さらに、内管の熱による伸びを拘束せず、内管が主流配管の管軸方向に熱膨張できるので、内管に過大な熱応力が発生することを防止できる。
【0012】
請求項2の発明に係わる流体混合装置は、請求項1の発明において、前記内管の噴出口にノズルを設けたことを特徴とする。
【0013】
請求項2の発明に係わる流体混合装置においては、各ノズルを通して支流配管を流れる第2の流体を第1の流体に混合することが可能になる。特に、主流配管内の第1の流体の流動方向に傾斜して各ノズルを配置すると、主流配管の第1の流体の流れを乱さず第2の流体を混合することが可能になる。
【0014】
請求項3の発明に係わる流体混合装置は、請求項1の発明において、前記内管の中心軸線が主流配管に接続されるT字型継手の中心軸線に対して偏心した位置となるように前記内管を配設したことを特徴とする。
【0015】
請求項3の発明に係わる流体混合装置においては、支流配管から導かれる第2の流体が流れ込むT字型継手内の流体室が大きくなるので、貫通口を経由して第1の流体中に流入する際により温度を均一にできる。従って、混合流体の温度はさらに効果的に均一化される。
【0018】
請求項の発明に係わる流体混合装置は、請求項1及至請求項のいずれか1項の発明において、前記内管の材質として高Cr鋼を使用し、当該内管の材質の熱膨張係数は前記T字型継手の材質の熱膨張係数と同等かまたはわずかに小さいことを特徴とする。
【0019】
請求項5の発明に係わる流体混合装置においては、内管が熱膨張による影響を受けず、高温流体と低温流体による温度交番を受けても熱衝撃を防止する。
【0020】
【発明の実施の形態】
以下、本発明の実施の形態を説明する。
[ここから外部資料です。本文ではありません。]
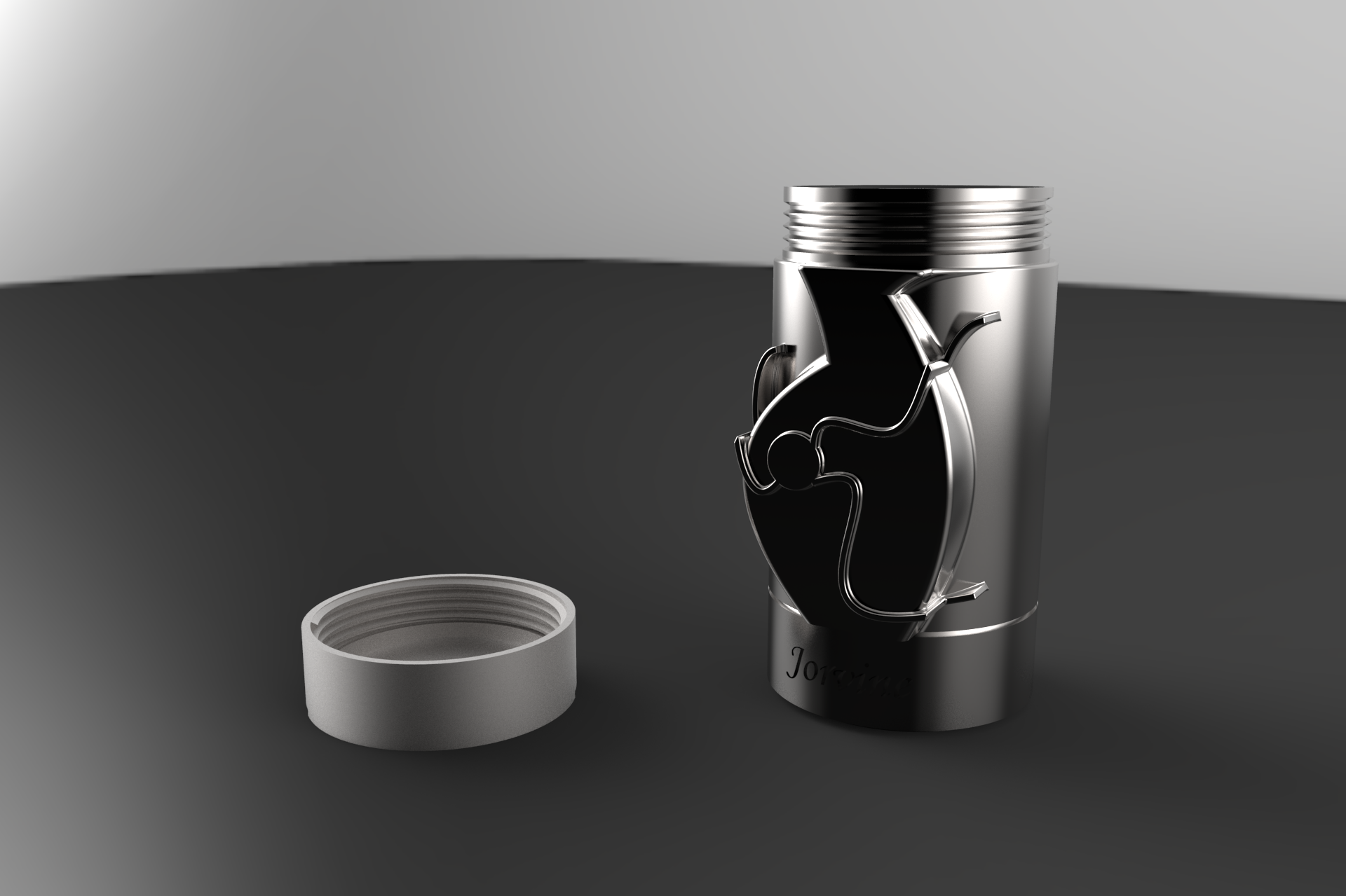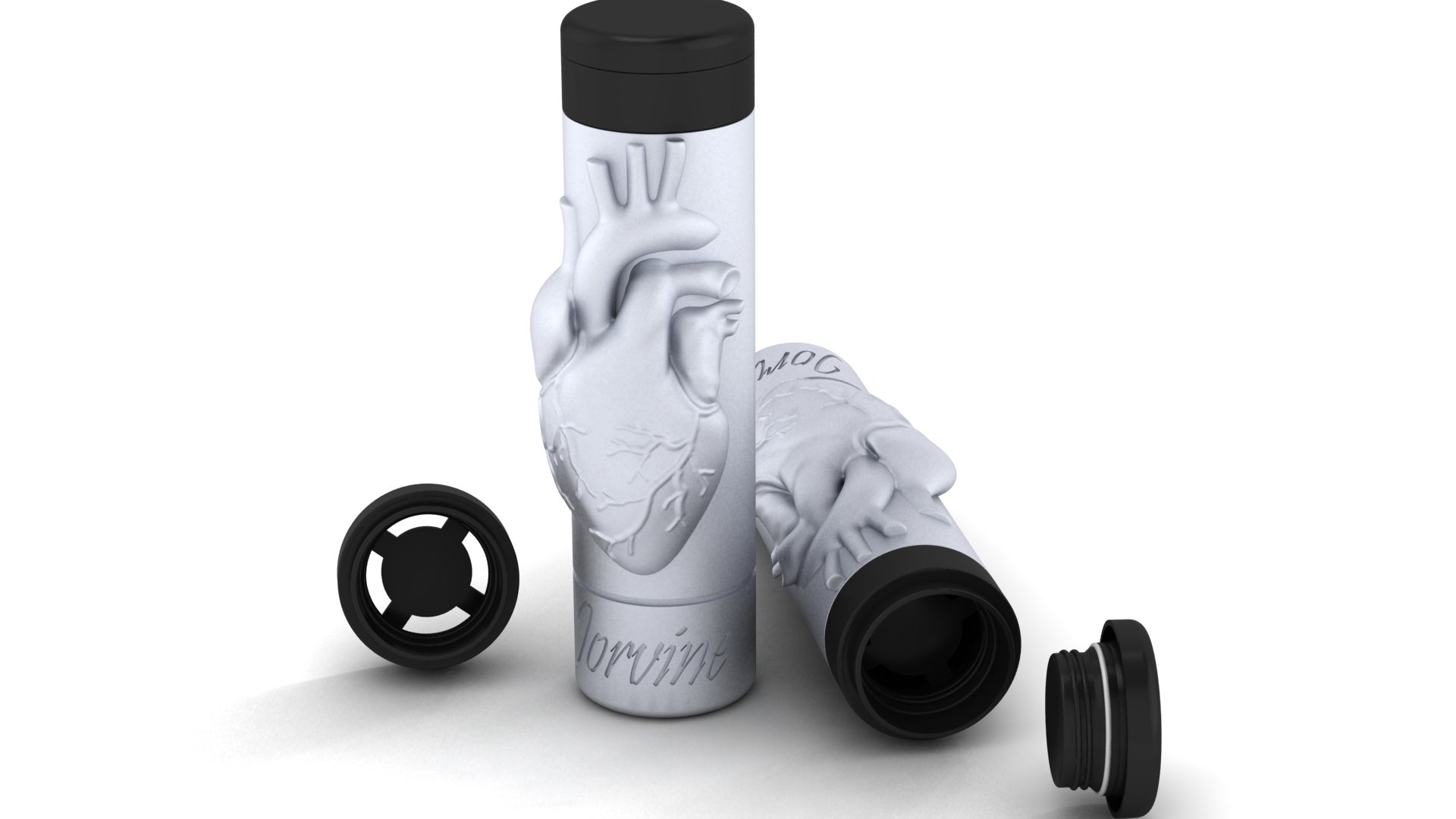 My company as of now will sell stainless steel water bottles. The bottle will be designed to keep beverages cold for 24 hours and hot for 12 hours. The purpose of the design will be for me to send it to a company that will mass manufacture the bottle.The heart portion needs to appear more as if it is coming from the inside out vs it being screwed or glued on to the outside of the bottle as it is pictured. It would also only read 'Jorvine'.

図1は本発明の第1の実施の形態に係わる流体混合装置の構成図である。所定の温度の第1の流体を導く主流配管1とその所定の温度と異なる温度の第2の流体を導く支流配管2との合流部にT字型継手3が設けられ、このT字型継手3と主流配管1とはレジュ−シングピ−ス6で接続されている。
【0021】
そして、T字型継手3内にはレジュ−シングピ−ス6で挟み込む様に内管7を固定装備し、内管7とT字型継手3との間に環状の流体室8を形成している。また、内管7の壁面を貫いて複数個の貫通口9が設けられ、第2の流体が内管7の内部を流れる第1の流体中に噴出される構成となっている。
【0022】
図2は図1のA−A線での断面図である。図2に示されるように、内管7の内径は主流配管1の内径に合わせている。そして、内管7はその周囲に流体室8を形成し、内管7の内円周上には複数個の貫通口9が間隔を保って配置されている。
【0023】
次に動作を説明する。高温流体である第2の流体は、支流配管2からT字型継手3と内管7との間に形成された流体室8に流入する。流体室8に流入した第2の流体は、内管7の表面と接触して熱交換され、内管7内を流れる低温の第1の流体の温度に近づいて温度は均一化される。
【0024】
次いで、第2の流体は内管7の内円周面に設けられた貫通口9を通って、内管7内を流れている第1の流体中に流入混合される。かくして、第2の流体である高温流体と接するT字型継手3の温度勾配は軽減され、かつ安定化され、第1の流体と第2の流体との均一混合が達成できる。従って、所定の温度に精度良く制御できるのみでなく、T字型継手3及び内管7が熱応力の繰り返しを受けることはなくなりその破損を防止できる。
【0025】
ここで、貫通口9にはノズルを設けるようにしても良い。その場合、各ノズルは主流配管1内を流れる第1の流体の流動方向に、所定の角度傾斜して取付られる。これにより、主流配管1を流れる第1の流体の流れを乱さずに支流配管2を流れる第2の流体を第1の流体に効率よく混合することができる。
【0026】
また、内管7の内径を主流配管1の内径に合わせているが、内管7の内径を主流配管1の内径の大きさに合わせなくても良い。つまり、主流配管1の内径より大きくても良いしまたは小さくしても良い。また、内管7の流路を絞ることにより、内管7内の流れに乱れを発生させ流体混合を促進することも可能である。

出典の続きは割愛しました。